### Task prompt:
Copy all the data exactly, except the pictures.

### Provided material:
_ _ _ _ _ _ _
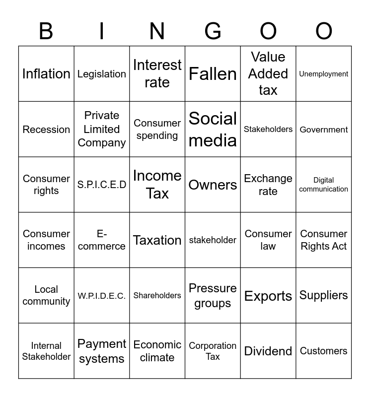 This bingo card has 36 words: Consumer incomes, E-commerce, Economic climate, Social media, Exchange rate, Digital communication, Inflation, Payment systems, Interest rate, Pressure groups, Stakeholders, Unemployment, Local community, S.P.I.C.E.D, Consumer spending, Fallen, Exports, Consumer Rights Act, Recession, Private Limited Company, Taxation, stakeholder, Consumer law, Suppliers, Consumer rights, Legislation, Income Tax, Corporation Tax, Value Added tax, Government, Internal Stakeholder, W.P.I.D.E.C., Shareholders, Owners, Dividend and Customers.
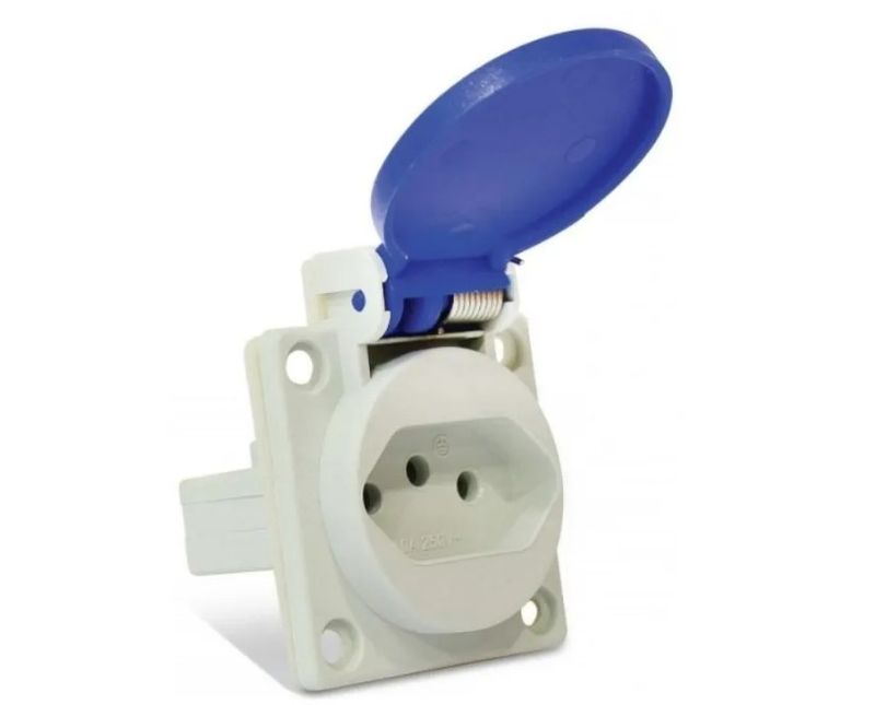 TOMADA INDUSTRIAL NAO METALICA | TIPO: EMBUTIR | MATERIAL: POLIAMIDA 6.6 | TIPO CONTATOS: FEMEA | NUMERO POLOS: 2 POLOS + TERRA | CORRENTE NOMINAL: 63A | TENSAO NOMINAL: 200/250V | FREQUENCIA: 50/60HZ | COR: AZUL | POSICAO PINO TERRA: 6H | BLOQUEIO MECANICO: C/BLOQUEIO | GRAU PROTECAO: IP-65 | PROTECAO: C/TAMPA | MODELO: QUASAR | MARCA: STECK | REFERENCIA: QUA3546B
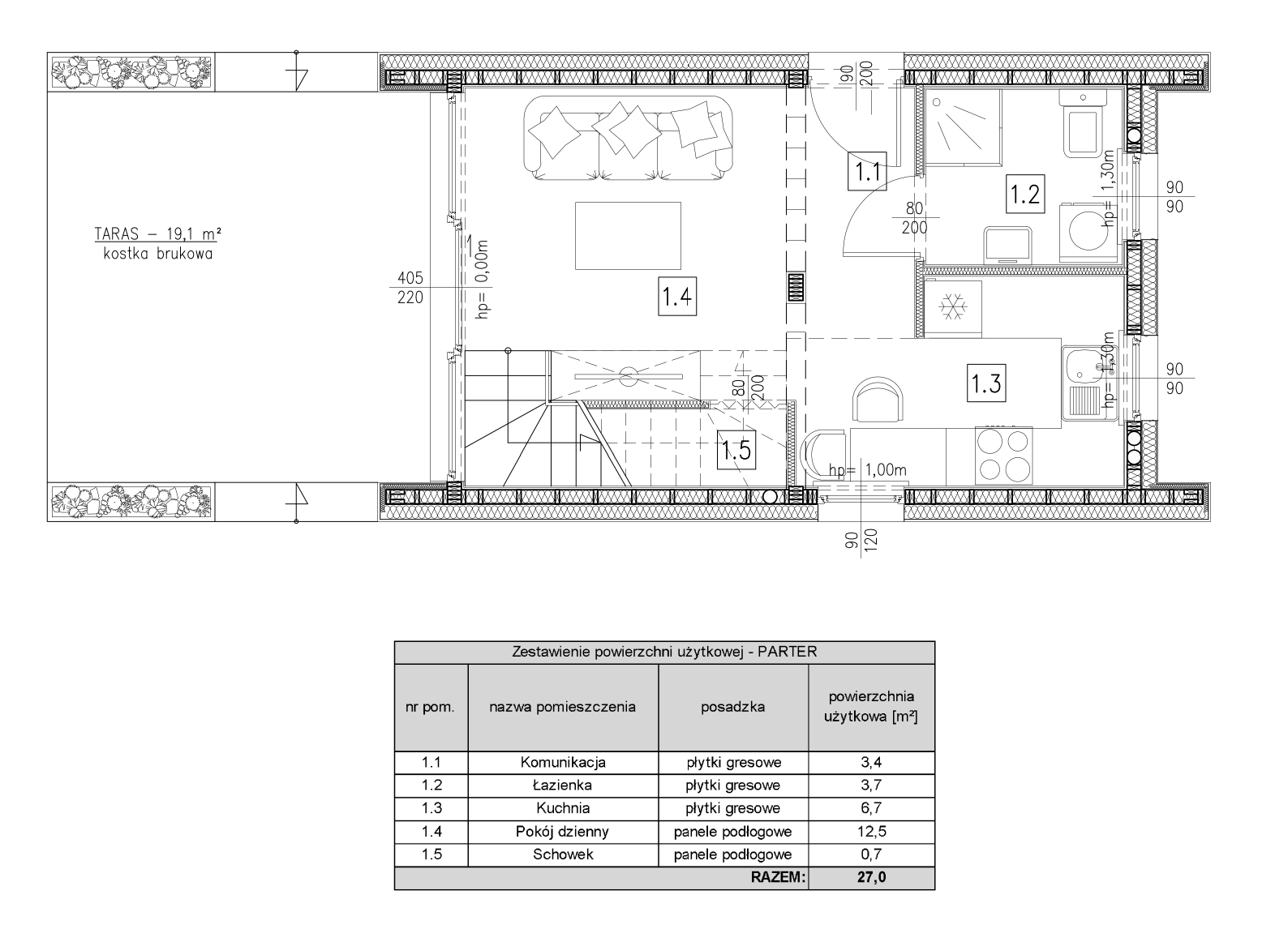 Wymiary zewnętrzne: 4,9 x 8,7 m
_ _ _ _ _ _ _
### Exercise output:
 This bingo card has 36 words: Consumer incomes, E-commerce, Economic climate, Social media, Exchange rate, Digital communication, Inflation, Payment systems, Interest rate, Pressure groups, Stakeholders, Unemployment, Local community, S.P.I.C.E.D, Consumer spending, Fallen, Exports, Consumer Rights Act, Recession, Private Limited Company, Taxation, stakeholder, Consumer law, Suppliers, Consumer rights, Legislation, Income Tax, Corporation Tax, Value Added tax, Government, Internal Stakeholder, W.P.I.D.E.C., Shareholders, Owners, Dividend and Customers.
 TOMADA INDUSTRIAL NAO METALICA | TIPO: EMBUTIR | MATERIAL: POLIAMIDA 6.6 | TIPO CONTATOS: FEMEA | NUMERO POLOS: 2 POLOS + TERRA | CORRENTE NOMINAL: 63A | TENSAO NOMINAL: 200/250V | FREQUENCIA: 50/60HZ | COR: AZUL | POSICAO PINO TERRA: 6H | BLOQUEIO MECANICO: C/BLOQUEIO | GRAU PROTECAO: IP-65 | PROTECAO: C/TAMPA | MODELO: QUASAR | MARCA: STECK | REFERENCIA: QUA3546B
 Wymiary zewnętrzne: 4,9 x 8,7 m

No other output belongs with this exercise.